*** MATERIAL FOR THE TASK Section Begins ***
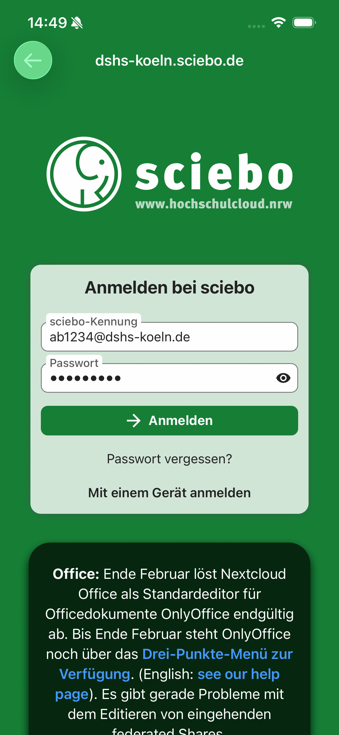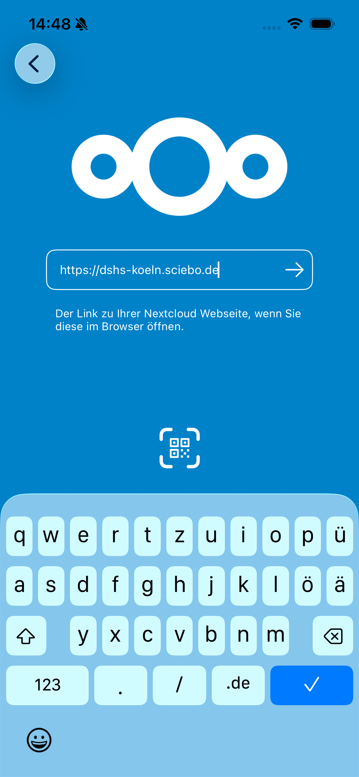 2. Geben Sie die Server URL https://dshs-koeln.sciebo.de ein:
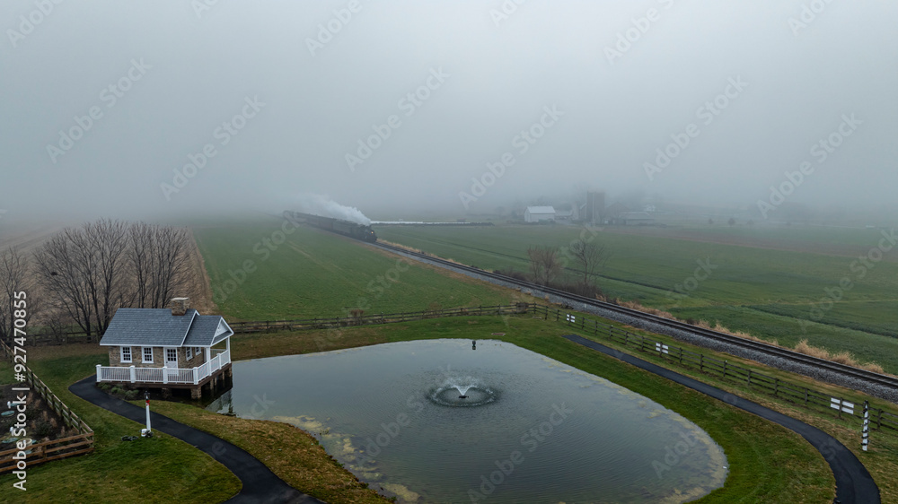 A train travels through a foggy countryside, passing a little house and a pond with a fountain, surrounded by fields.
*** MATERIAL FOR THE TASK Section Ends ***
*** MATERIAL FOR THE TASK Section Begins ***
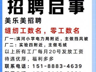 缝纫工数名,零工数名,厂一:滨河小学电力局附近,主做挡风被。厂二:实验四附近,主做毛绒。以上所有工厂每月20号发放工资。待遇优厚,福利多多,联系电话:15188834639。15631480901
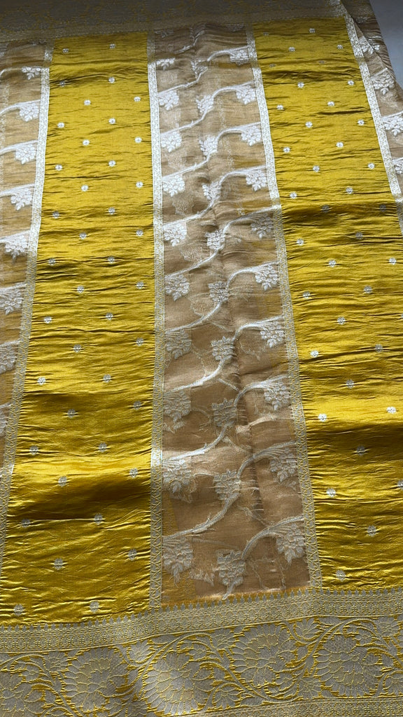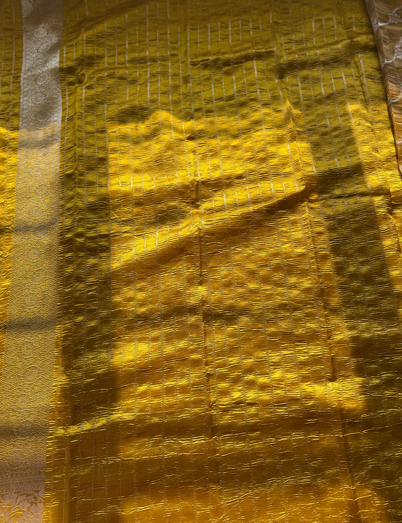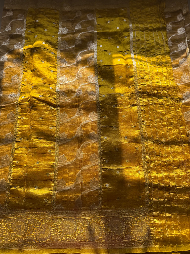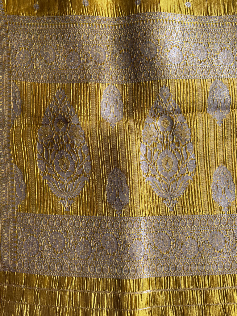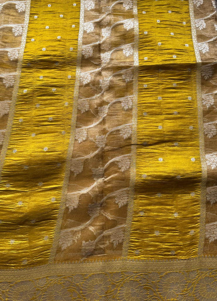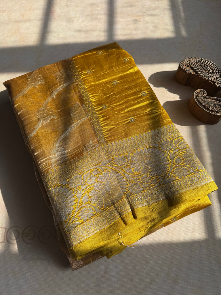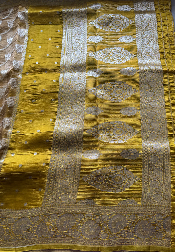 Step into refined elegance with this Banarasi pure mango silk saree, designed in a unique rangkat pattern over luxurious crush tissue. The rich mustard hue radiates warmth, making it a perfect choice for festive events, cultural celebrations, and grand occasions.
*** MATERIAL FOR THE TASK Section Ends ***
> **TASK DIRECTIONS**
The expected output is the lines above from the one containing "2. Geben Sie" to the one containing "A train travels", both ends included, reproduced exactly with every picture left out.

> **RESPONSE BELOW**
 2. Geben Sie die Server URL https://dshs-koeln.sciebo.de ein:
 A train travels through a foggy countryside, passing a little house and a pond with a fountain, surrounded by fields.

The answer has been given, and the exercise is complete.